Mais que veulent les ouvriers ?
mis en ligne le 14 février 2013
Disparaissez les ouvriers ! À la fin septembre 2012, le cinéma Jean-Renoir de Martigues proposa une lecture jouée de textes de Simone Weil autour du thème de la résistance et de la condition ouvrière. La soirée se poursuivit par la projection du film Disparaissez les ouvriers ! de Christine Thépénier et Jean-François Priester.Ce film raconte l’histoire de la lutte des ouvriers de Legré-Mante, une usine dans le sud de Marseille, leader sur le marché mondial de l’acide tartrique. Contre une liquidation frauduleuse, ils ont occupé leur usine pendant 140 jours. Ils perdent leur procès en appel et n’obtiennent rien. Le film montre les conditions de travail scandaleuses et les risques très grands auxquels ils étaient exposés quotidiennement par la malveillance de leur patron. Celui-ci les ayant menés en bateau – sans vilain jeu de mots : le terrain est situé face à la mer, au pied du futur parc des Calanques. Un endroit idéal pour construire une jolie marina à touristes parisiens riches. La fermeture était donc prévue depuis longtemps à des fins spéculatives. Le film restitue la parole de ces ouvriers au milieu de cette usine qui tombe en ruine.
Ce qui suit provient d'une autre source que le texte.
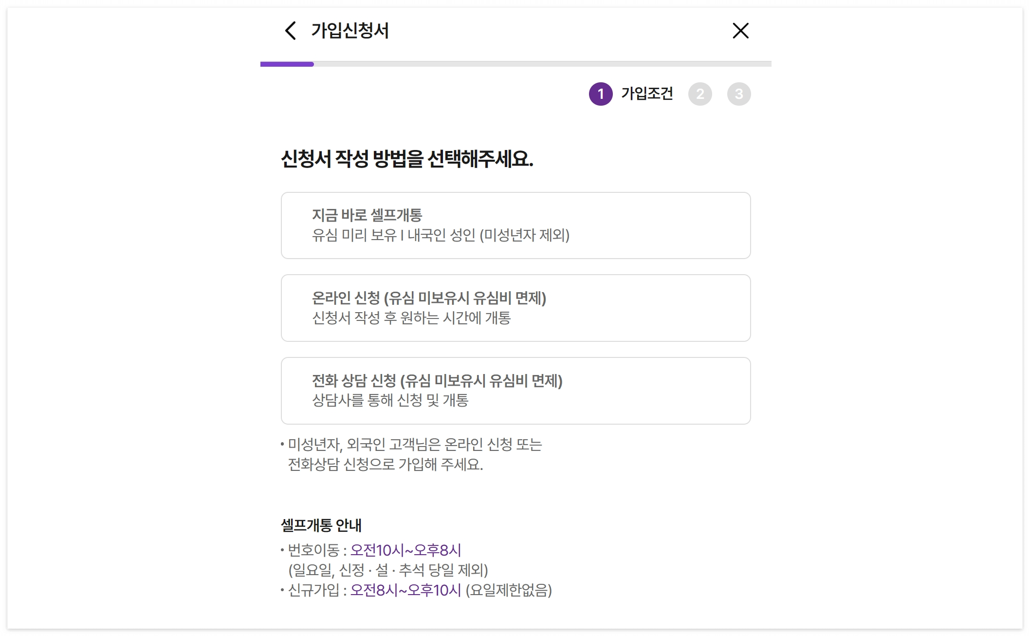 신청서 작성 방법 중에서 지금 바로 셀프개통을 선택하면 됩니다. 온라인 신청, 전화 신청 방법도 있지만 셀프개통이 가장 빠르게 개통할 수 있는 방법입니다.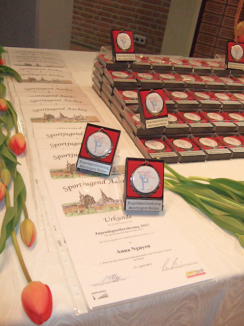 Pétanque-Sport in Aachen, die zweite Anna Nguyen wurde am 17. April 2012 für Ihre Vizemeister-Titel im September 2011 von der Stadt Aachen und der Sportjugend geehrt. Zum zweiten Mal wurde auf der nun zum sechsten Mal stattfindenden Aachener Jugendsportlerehrung die begehrte Medaille entgegen genommen. Zuletzt im April 2010 für den Titel des Deutschen Meisters im Jahre 2009. Der Oberbürgermeister der Stadt Aachen Marcel Phillip war wie Jedes Jahr dabei und übergab Urkunden, Medaillen an die Jungen Sportler/innen. Auch an Lob und Anerkennung wurde nicht gespart. Einen Apfel gab’s der gesunden Ernährung wegen noch dazu, welcher Vorort seiner Bestimmung zugeführt wurde. Insgesamt nahmen 120 junge Sportler und Sportlerinnen verschiedener Sportdisziplinen in drei Ehrungskategorien (Bezirks-, Landes-, Deutscher Meister, bzw. Europa und Welt) an dieser Veranstaltung teil. Der Ablauf wurde von zwei Stimmungsvolle junge Damen (Martina Rippholz und Rica Kouhl) von der Aachener Nachrichten moderiert. Ein Rockband spielte zwischen den Pausen und ein schwungvolles Schowtanzprogramm gab’s noch dazu. Ein besondere Dank geht an Johannes Krotz, Vorstand unserem Verein Boule d'Aix-la-Chapelle, der uns von der Anmeldung bis zum Teilnahme an diese Veranstaltung begleitet hat. Cuong Nguyen |

La projection fut suivie d’un débat. Certains estimèrent que, dans la région de Martigues-Fos, une telle abomination ne pourrait avoir lieu. En effet, ce qui caractérisait, semble-t-il, cette usine, c’était son isolement en tant qu’établissement industriel. Le quartier étant plutôt résidentiel. Dans l’immense zone d’industries pétrochimiques qui environne Martigues, une semblable lutte aurait engagé la solidarité de tout le territoire.
Tandis que les spectateurs parlaient de sauvegarde de l’emploi industriel, je partis discrètement. Sur le chemin du retour, je me souvins des propos tenus par l’un des ouvriers proche de la retraite interrogé sur le sentiment que lui inspirait la vue de son usine à l’abandon. Il était au fond content que tout cela soit terminé et qu’il n’ait pas à remettre les pieds dans ce bagne. Je me rappelais aussi ceux qui disaient que, s’ils avaient autant de fric que les Parisiens, ils feraient sans doute comme eux et viendraient en villégiature en lieu et place de leur usine. Il y avait aussi les gens du quartier qui regrettaient la disparition des liens de solidarité anciens.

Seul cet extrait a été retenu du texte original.